В последнее время по ряду признаков чувствуется, что Сталин уже начал думать, как будет после войны с теми, кто от старых семей оторвался, а новые на фронте завел. Война не только смертями, но и разлуками много семей надломила. Как после войны: доламывать или чинить? И по проекту закона о браке, который недавно напечатан в газетах, похоже, что там, наверху, настроение чинить, а не доламывать, не считаясь с личными желаниями.
К Серпилину это не относится, ему чинить давно нечего. И все-таки Захарову казалось, что настроение там, наверху, имело отношение к переданным по телефону словам Сталина: «На Новодевичьем, рядом с женой».
Захаров снова подумал о женщине, про которую Серпилин говорил, что получает от нее письма с другого фронта. Надо будет собрать и отправить ей обратно эти письма. Пусть не гуляют по рукам. Женщина, судя по словам Серпилина, заслуживает уважения. И не такая уж молодая – старший сын на фронте. Как ни тяжело, а придется самому написать ей.
И по своей дружбе с Серпилиным, и по своему положению члена Военного совета Захаров лучше чем кто-нибудь другой знал, что Сталин несколько раз имел личное касательство к судьбе Серпилина. Сталин перед самой войной, после ходатайства старых друзей Серпилина, дал указание разыскать его там, где он тогда находился, и вернуть в армию. Сталин осенью сорок первого года, получив письмо от Серпилина из госпиталя, приказал не посылать его после ранения на подготовку резервов, а дать дивизию и отправить на фронт. Сталин вызвал его к себе после Сталинграда, по его письму о Гринько, и поставил на армию и не дал снять потом, после истории с Пикиным. И перед этой операцией снова сохранил на армии, решил по-другому, чем предлагал Львов, а что Львов писал Сталину, у Захарова не было сомнений.
Так уж случилось в жизни Серпилина, что он оказался одним из тех, кто в силу сложившихся обстоятельств был на памяти и на примете лично у Сталина.

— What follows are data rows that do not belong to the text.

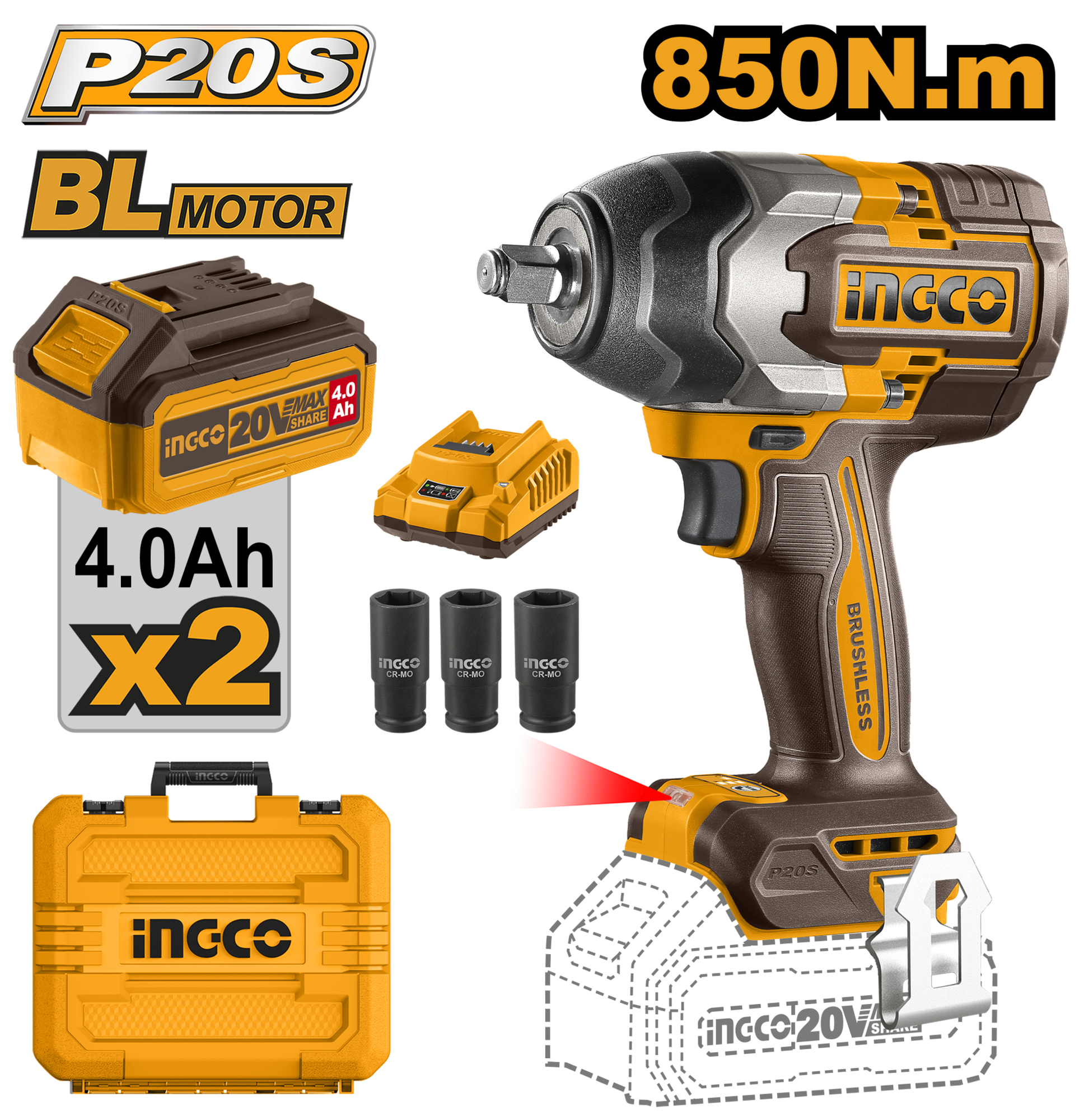 Аккумуляторный бесщеточный ударный гайковерт INGCO CIWLI2085 INDUSTRIAL 20 В 1/2" 850 Нм интересное: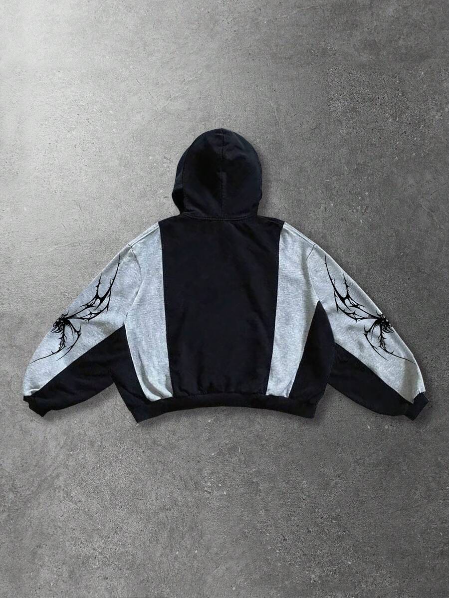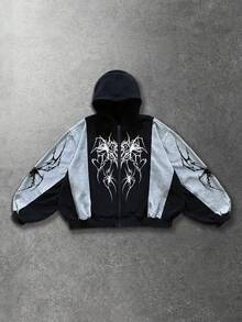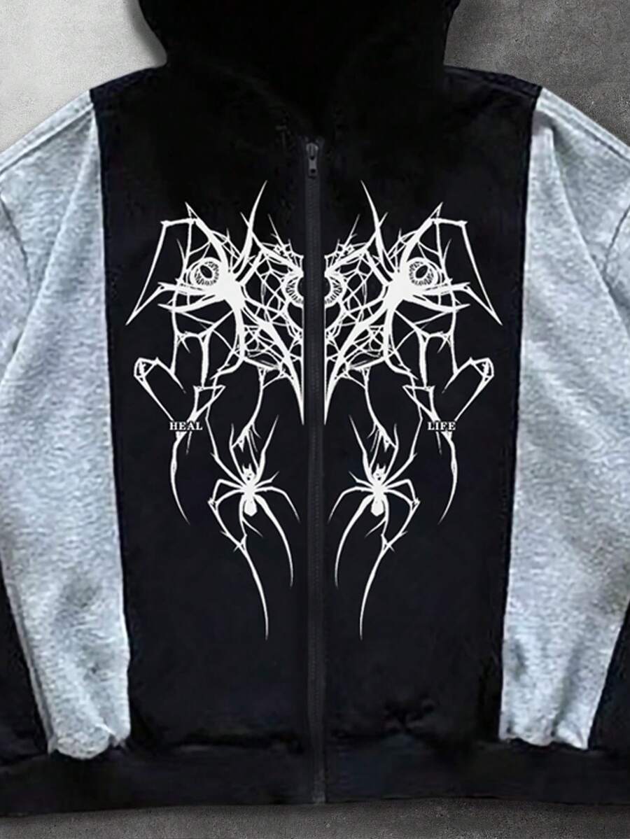 Street Life Sudadera con capucha de ajuste holgado con estampado de araña de color contrastante y parches para hombre
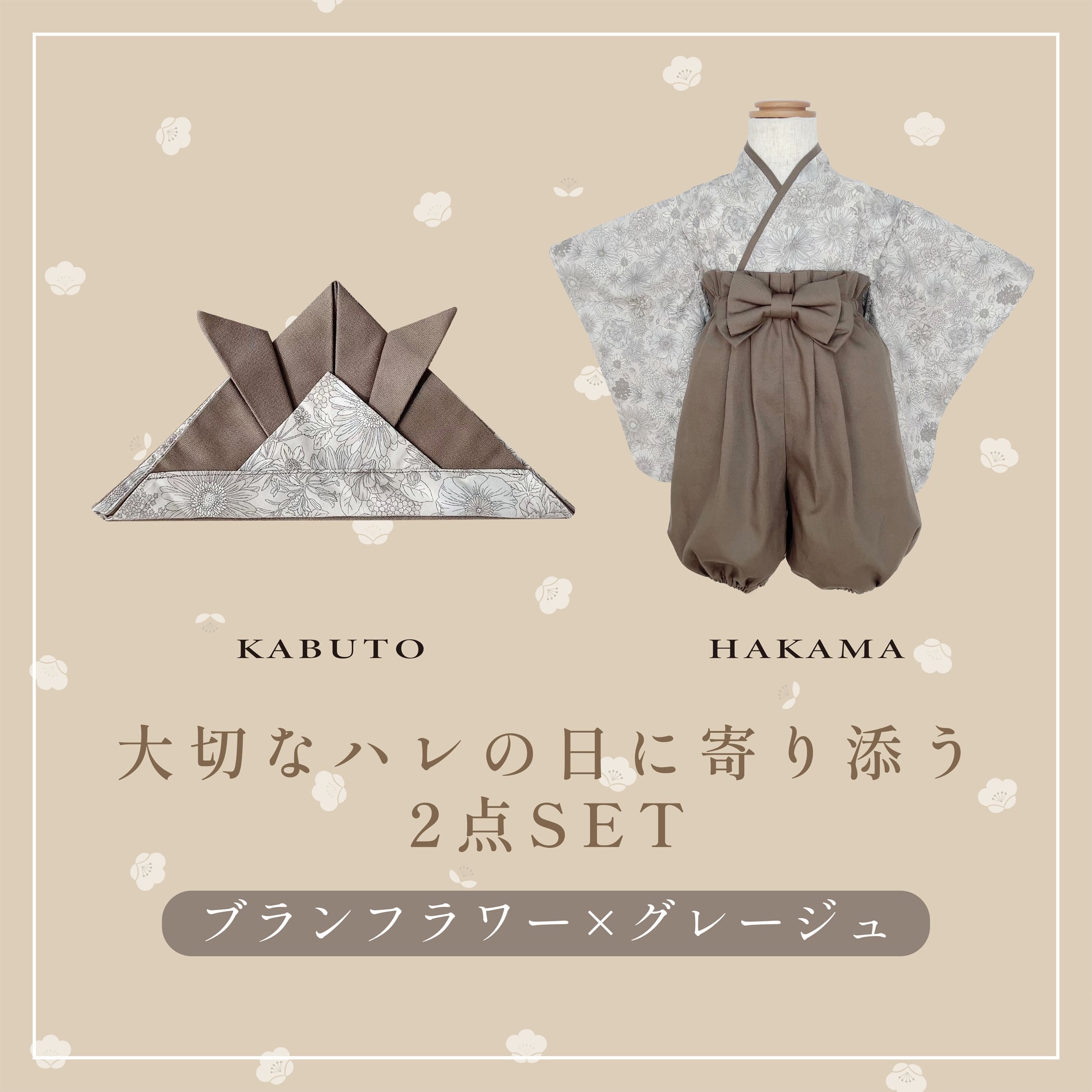 ・ベビー袴 70サイズ:ブランフラワー×グレージュ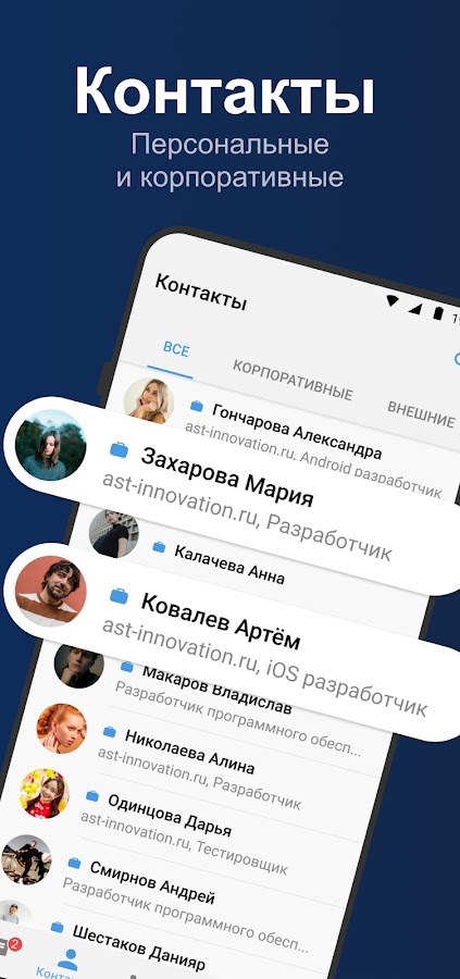 — Синхронизация с организационной структурой компании, визуализация ФИО, должности и контактной информации о пользователе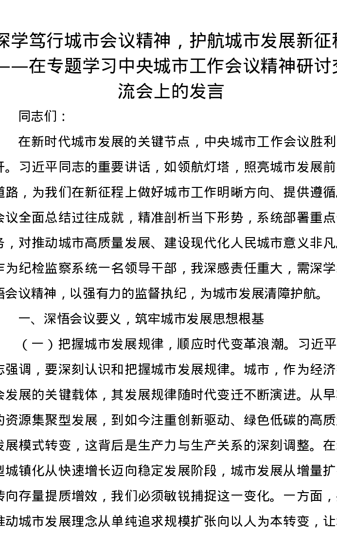 深学笃行城市会议精神,护航城市发展新征程——在专题学习中央城市工作会议精神研讨交流会上的发言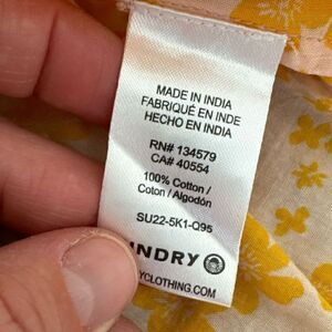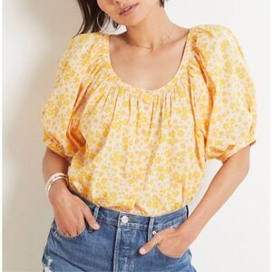 Sundry puff sleeve floral blouse size 1 (small). Beautiful light material in a peach color with yellow flowers and shiny buttons.

Сталин сам решил его судьбу, сам распоряжался ею. Еще сегодня утром, подписывая указ о присвоении званий, в последний раз распорядился при жизни. Распорядился и теперь, после смерти, приказав похоронить в Москве, рядом с законной женой. Этого не сказал помощник Сталина, когда передавал его слова по телефону. «Законной», – подумал уже сейчас сам Захаров.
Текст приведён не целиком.